Application 3: Personalized Treatment Selection

# Treatment selection model
treatment_model <- modelbuilder(
  data = treatment_response_data,
  outcome = "treatment_response",
  outcomePositive = "Responder",
  
  # Personalized model
  buildCustomModel = TRUE,
  customPredictors = c("age", "sex", "disease_severity", "biomarker_profile", 
                      "genetic_score", "comorbidity_index"),
  customModelName = "personalized_treatment",
  
  # Advanced options
  includeInteractions = TRUE,
  interactionTerms = "age*biomarker_profile, disease_severity*genetic_score",
  transformVariables = TRUE,
  useStepwise = TRUE,
  
  # Validation
  splitData = TRUE,
  crossValidation = TRUE,
  bootstrapValidation = TRUE,
  
  # Clinical utility
  generateRiskScore = TRUE,
  exportForDCA = TRUE
)

Application 4: Multi-center Model Development

# Multi-center prediction model
multicenter_model <- modelbuilder(
  data = multicenter_study_data,
  outcome = "clinical_outcome",
  outcomePositive = "Yes",
  
  # Enhanced model with site adjustments
  buildEnhancedModel = TRUE,
  enhancedPredictors = c("age", "sex", "diabetes", "hypertension", 
                        "smoking", "cholesterol", "site"),
  
  # Robust validation
  splitData = TRUE,
  crossValidation = TRUE,
  cvFolds = 10,
  bootstrapValidation = TRUE,
  
  # Missing data handling
  missingDataMethod = "multiple_imputation",
  imputationSets = 20,
  
  # Comprehensive outputs
  compareModels = TRUE,
  showModelSummary = TRUE,
  showPerformanceMetrics = TRUE,
  showCalibrationPlots = TRUE,
  exportForDCA = TRUE
)

Interpreting Results

Model Performance Metrics

Discrimination Metrics: - AUC (Area Under the Curve): Measures model’s ability to distinguish between outcomes - AUC > 0.8: Excellent discrimination - AUC 0.7-0.8: Good discrimination - AUC 0.6-0.7: Fair discrimination - AUC < 0.6: Poor discrimination

Calibration Metrics: - Calibration Slope: Measures agreement between predicted and observed probabilities - Slope = 1.0: Perfect calibration - Slope < 1.0: Overfitting (predictions too extreme) - Slope > 1.0: Underfitting (predictions too conservative)

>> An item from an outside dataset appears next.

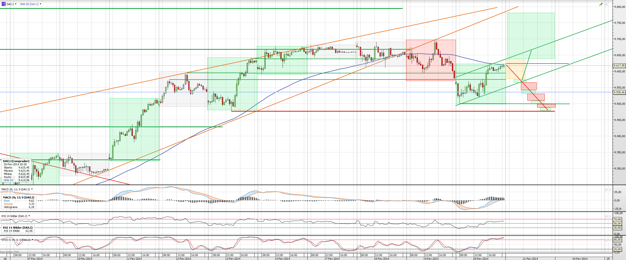 - - Basicamente amanhã não quero entrar curto (apesar de < 9590 ser tentador se for no inicio da sessão, tudo dependente da distância de pontos para a base do canal), mas quem for nesse sentido, vejo como profit targets a equacionar, os quadrados verdes abaixo do canal verde
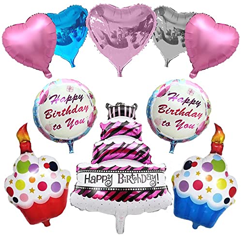 Cake foil Balloon Set with Muffin Shape Heart and Round Happy Birthday Foil Balloon for Party Decoration

• Calibration Intercept: Measures systematic over- or under-prediction
  • Intercept = 0: No systematic bias
  • Intercept > 0: Systematic under-prediction
  • Intercept < 0: Systematic over-prediction

Overall Performance: - Brier Score: Measures overall prediction accuracy (lower is better) - Hosmer-Lemeshow Test: Tests goodness of fit (p > 0.05 indicates good fit)

Model Comparison

# Compare multiple models
comparison_result <- modelbuilder(
  data = modelbuilder_test_data,
  outcome = "cardiovascular_event",
  outcomePositive = "Yes",
  
  # Build all model types
  buildBasicModel = TRUE,
  basicPredictors = c("age", "sex", "diabetes", "hypertension"),
  
  buildEnhancedModel = TRUE,
  enhancedPredictors = c("age", "sex", "diabetes", "hypertension", 
                        "smoking", "cholesterol", "bmi"),
  
  buildBiomarkerModel = TRUE,
  biomarkerPredictors = c("age", "sex", "diabetes", "hypertension", 
                         "smoking", "cholesterol", "troponin"),
  
  # Comparison settings
  compareModels = TRUE,
  showPerformanceMetrics = TRUE,
  calculateNRI = TRUE,
  calculateIDI = TRUE
)

Interpretation Guidelines: - Higher AUC indicates better discrimination - Calibration slope closer to 1.0 indicates better calibration - Lower Brier score indicates better overall performance - Positive NRI indicates net improvement in reclassification - Positive IDI indicates improvement in discrimination

Cross-Validation Results

Cross-Validation Metrics: - CV AUC: Average AUC across folds - CV AUC (SD): Standard deviation of AUC across folds - Optimism: Difference between training and CV performance - Optimism-Corrected AUC: Training AUC minus optimism

Interpretation: - CV AUC provides unbiased estimate of future performance - Small SD indicates stable performance across folds - Large optimism indicates overfitting - Optimism-corrected estimates are more realistic

Best Practices

1. Study Design and Data Quality

# Ensure adequate sample size
n_events <- sum(clinical_data$outcome == "Yes")
n_predictors <- length(predictor_variables)
epv <- n_events / n_predictors

# Rule of thumb: EPV should be ≥ 10
if (epv < 10) {
  warning("Events per variable (EPV) is low. Consider reducing predictors or increasing sample size.")
}

# Check data quality
summary(clinical_data)

2. Variable Selection

# Clinical relevance first
clinical_predictors <- c("age", "sex", "diabetes", "hypertension")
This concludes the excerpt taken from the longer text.